T. angustifolia is distributed throughout the temperate northern hemisphere, occurring in at least 56 countries. There is some dispute over its native distribution. The Kew Database regards the species as native...
T. angustifolia is distributed throughout the temperate northern hemisphere, occurring in at least 56 countries. There is some dispute over its native distribution. The Kew Database regards the species as native to both the Palearctic and Nearctic but the USDA Plants Database gives its status in the USA as introduced. Most reports of problems come from Eurasia and North America. It is not listed (in 2007) as a noxious weed on either the US Federal, nor any state listing, although it is included in some state manuals for control of invasive plants (e.g. Wisconsin). It is a competitive species occurring in aquatic to wetland habitats, primarily considered a nuisance in North America where it invades and displaces other, less competitive, wetland and emergent species, causing loss of biodiversity.

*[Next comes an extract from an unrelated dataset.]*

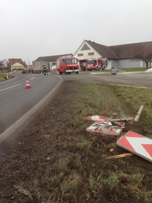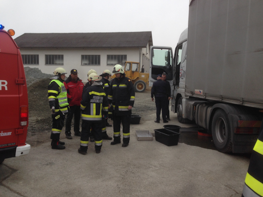 Gestern wurde die Feuerwehr Gussendorf um 11:13 Uhr zu einem LKW-Unfall im Ortsgebiet alarmiert. Ein Sattelschlepper war beinahe von der Straße abgekommen und hat dadurch ein Leck im Dieseltank verursacht. Die FF Gussendorf war mit 10 Mann rund vier Stunden im Einsatz um den ausgeflossenen Diesel gemeinsam mit der nachalarmierten FF Deutschlandsberg fachgerecht zu entsorgen. Auch der Chemiealarmdienst des Landes, die Straßenverwaltung und die Polizeit waren an der Unfallstelle im Einsatz.

Otherwise, its impact is generally low, and often as part of a mixed community of native species causing overgrowth of drainage channels.
The taxonomy of Typhaceae is somewhat complex. Some authorities combine Typha angustifolia with Typha domingensis, under the former name, but both the USDA Plants Database, and the Kew Index separate the two species (Chambers et al., 2008), and only T. angustifolia, sensu stricto, is dealt with here. Some workers have suggested that T. angustifolia was early introduced from Europe into Atlantic Coastal North America and migrated westward (Stuckey and Salamon, 1987). In South America Fernández et al. (1990), consider T. domingensis to be a separate species, and isoenzyme studies by Sharitz et al. (1980) on North American material provide further evidence for this. At least eight other species are commonly recognized, although only three of these (Typha javanica, Typha orientalis and Typha elephantina are serious causes of weed problems (Sainty and Jacobs, 1988; Gopal, 1990).

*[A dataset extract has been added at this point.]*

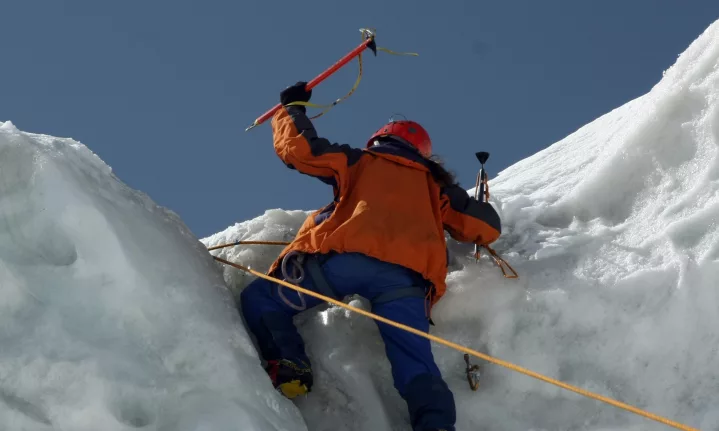 Getting to the ice formations is a bit challenging, with a 9-hour hike up a major mountain pass. Climbers must also hike with their backpacks, camping and cooking equipment, and climbing gear.

Species of Typha are known to hybridize (Stace, 1975) and ecotype formation is common, particularly in Typha latifolia (Grace and Wetzel, 1983).

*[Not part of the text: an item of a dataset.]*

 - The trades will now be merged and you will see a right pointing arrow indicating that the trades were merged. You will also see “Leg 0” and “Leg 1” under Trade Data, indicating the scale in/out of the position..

T. angustifolia is a slender perennial aquatic emergent plant, growing to 3 m tall, but usually smaller. It has branched creeping rhizomes, 2-4 cm in diameter, commonly 70 cm or even longer, with dense fibrous root masses occurring at the base of stems and at rhizome nodes. Stems are unbranched and round with long (60-80 cm), linear leaves, 3-12 mm wide and deep green. Leaves are strongly planoconvex, numbering <10 per stem, sheathing at the base, and commonly overtopping the inflorescence. The inflorescence is a thin, dense crowded cylindrical spike of male flowers (brown to yellowish) above a similar spike of female flowers (reddish to dark brown), with a gap of approximately 10 mm between the two. Very large numbers of small pendulous seeds, with a straight, narrow embryo are produced.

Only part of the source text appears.